TraceOps

Record, replay, and analyze LLM agent traces for deterministic regression testing.

🆕 What’s new in v0.6

Behavioral analysis sub-package: PatternDetector, GapAnalyzer, SkillsGenerator, and PRFetcher — inspired by agent-pr-replay. See the Behavioral Analysis section.

What is TraceOps?

TraceOps brings the VCR.py pattern to LLM agents — but at the SDK level, not the HTTP level. It intercepts openai.chat.completions.create, anthropic.messages.create, tool calls, and agent decisions, recording the full execution trace as a YAML cassette.

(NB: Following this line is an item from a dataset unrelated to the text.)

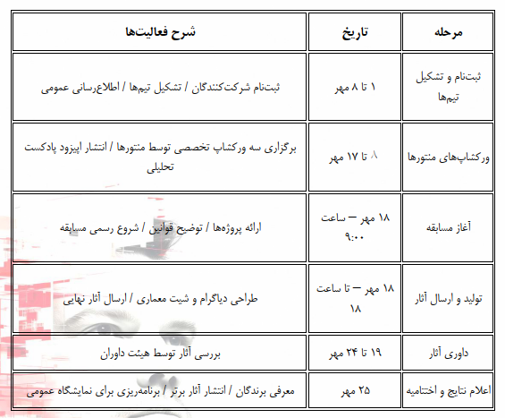 • امکان شرکت به‌صورت فردی یا تیمی وجود دارد (تیم‌بندی پس از ثبت‌نام انجام می‌شود).

On replay, it injects recorded responses without making any real API calls — giving you zero-cost, millisecond-execution, fully deterministic agent tests.

Why not just use VCR.py?

VCR.py records HTTP traffic. TraceOps records agent behavior:

CapabilityVCR.pyTraceOps
Records atHTTP layerSDK layer
Understands agent semantics✔ LLM calls, tools, decisions
Trajectory tracking
Semantic diffBinary match✔ “model changed”, “new tool”
Cost tracking✔ per-call tokens + USD
RAG + MCP recording
Behavioral analysis✔ PatternDetector, GapAnalyzer

Key features

🏙 SDK-Level Recording

Intercepts OpenAI, Anthropic, LiteLLM, LangChain, CrewAI — not raw HTTP.

▶ Deterministic Replay

Zero API calls, millisecond execution, fully deterministic CI tests.

🔍 Semantic Diff

Detect model changes, new tools, extra LLM calls — not just binary match.

💸 Budget Assertions

Guard against cost overruns, token bloat, and infinite tool loops.

📚 RAG Recording

Capture retrieval queries, chunks, scores, and drift across versions.

📈 Pattern Analysis

Tool n-gram heatmaps, model stats, error rates across entire cassette libraries.

🔴 Gap Analyzer

Compare agent vs golden baseline — auto-detect inflation, missing tools, model mismatch.

📝 AGENTS.md Gen

Auto-generate steering guidance from behavioral gaps.

Supported providers

OpenAI Anthropic LiteLLM LangChain LangGraph CrewAI MCP

Quickstart

Go from zero to a recorded, replayed, and tested agent in under 5 minutes.

✓ Prerequisites

Install TraceOps with pip install traceops. Requires Python ≥ 3.10.

1. Install

bash
pip install traceops

2. Record your first trace

Wrap your agent code in a Recorder context manager. TraceOps intercepts all LLM calls and saves them to a YAML cassette.

python
from trace_ops import Recorder
import openai

client = openai.OpenAI()

with Recorder(save_to="cassettes/test_math.yaml") as rec:
    response = client.chat.completions.create(
        model="gpt-4o",
        messages=[{"role": "user", "content": "What is 2+2?"}],
    )
    print(response.choices[0].message.content)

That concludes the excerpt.